Beyond ECE: Calibrated Size Ratio, Risk Assessment, and Confidence-Weighted Metrics
Abstract Overview
This paper argues that Expected Calibration Error (ECE) is inadequate for assessing overconfidence risk because it can remain small even under arbitrarily large overconfidence risk. The authors introduce the Calibrated Size Ratio (CSR), an interpretable metric that equals 1 under perfect calibration, together with a z-score-based risk probability for overconfidence derived from a normal approximation. They also propose confidence-weighted accuracy (cwA) as a complementary measure of whether confidence scores meaningfully distinguish correct from incorrect predictions, and extend confidence weighting to standard classification metrics including AUC. The study combines theoretical analysis with experiments on synthetic confidence distributions (10 distributions × 8 calibration modes) and 15 real datasets, including raw, isotonic, and Platt-calibrated XGBoost outputs.
Novelty
The paper's main novelty is separating confidence evaluation into two distinct components: overconfidence risk via CSR (with a closed-form normal-approximation risk probability requiring no Monte Carlo resampling) and discriminative usefulness via confidence-weighted metrics such as cwA and cwAUC. It also proves that classical AUC is invariant to monotone recalibration, whereas cwAUC is sensitive to calibration through pairwise confidence weights, so cwAUC − AUC captures the discriminative value added by calibration.
Results
Across synthetic experiments (10 distributions, 8 calibration modes, 100 repetitions each), CSR stayed near 1 under perfect calibration with empirical false positive rates close to theoretical predictions, and P_risk reliably separated overconfident from calibrated or underconfident regimes. On 15 real datasets, isotonic calibration increased confidence-weighted performance on average (cwA = 0.8841) but drastically increased risk (10/15 datasets exceeding 3σ), while Platt scaling produced the safest profiles (0/15 exceeding 3σ, P_risk = 21.96%) with competitive confidence-weighted accuracy.
Key Points
- CSR is proposed as a calibration metric tied specifically to overconfidence risk, equaling 1 under perfect calibration, with a normal-approximation-based z-score yielding a risk probability P_risk that requires no Monte Carlo resampling and improves as N grows.

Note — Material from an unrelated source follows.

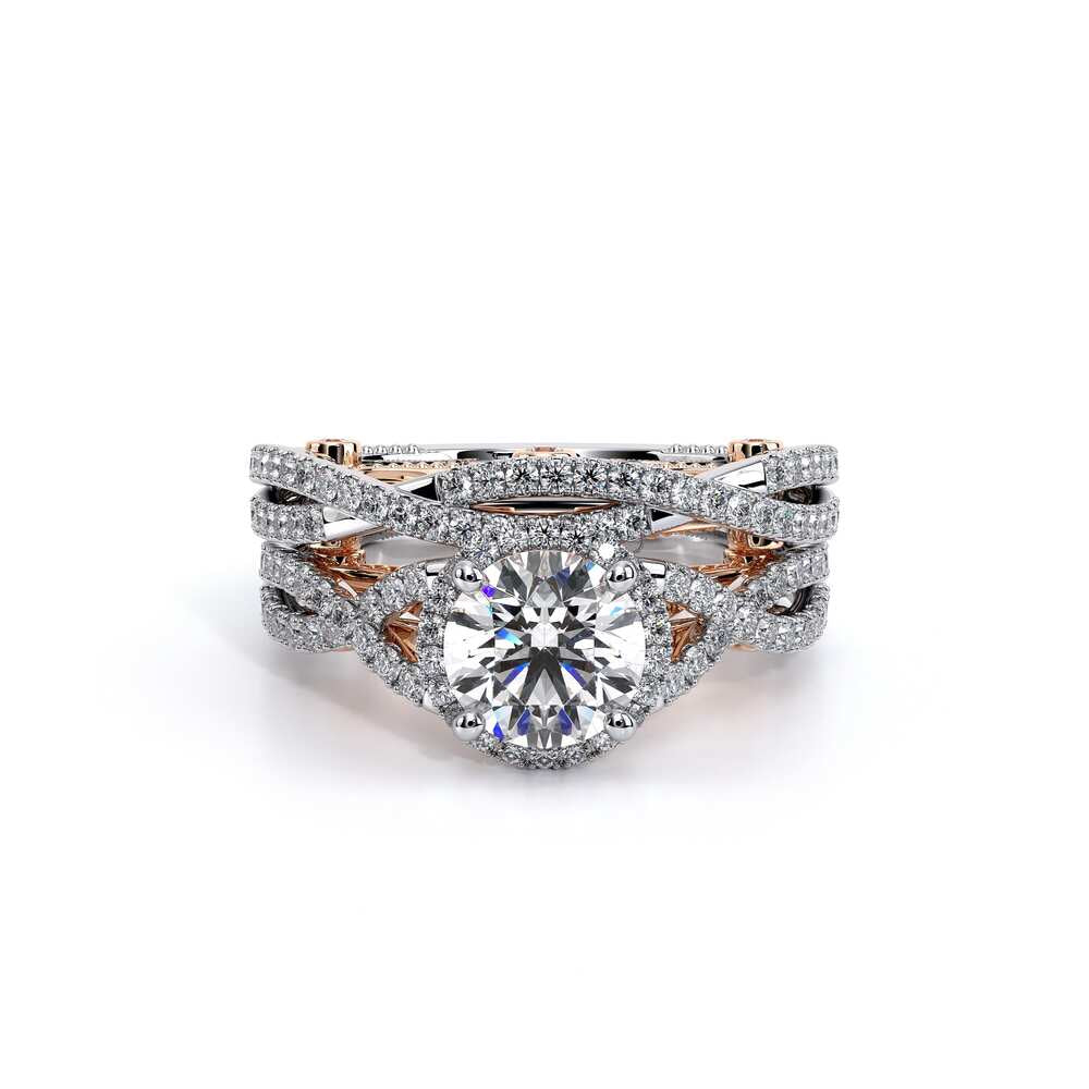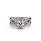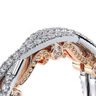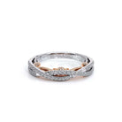 INSIGNIA-7070W diamond wedding ring from the Insignia Collection, featuring round brilliant-cut diamonds pave set on a twisted band. Unique with bezel set diamonds with distinguishing Insignia Scrollwork accompanied by Verragio's timeless signature beading and crest.

- cwA measures the fraction of total confidence mass assigned to correct predictions, and the confidence-weighting approach is proven to extend to all standard classification metrics via structural relations of the confidence-weighted confusion matrix, including a calibration-sensitive cwAUC.
- Empirical results demonstrate that low ECE does not guarantee safety (proven constructively via Proposition 5), and on real data isotonic calibration improves cwA but catastrophically increases overconfidence risk, while Platt scaling offers the safest profiles.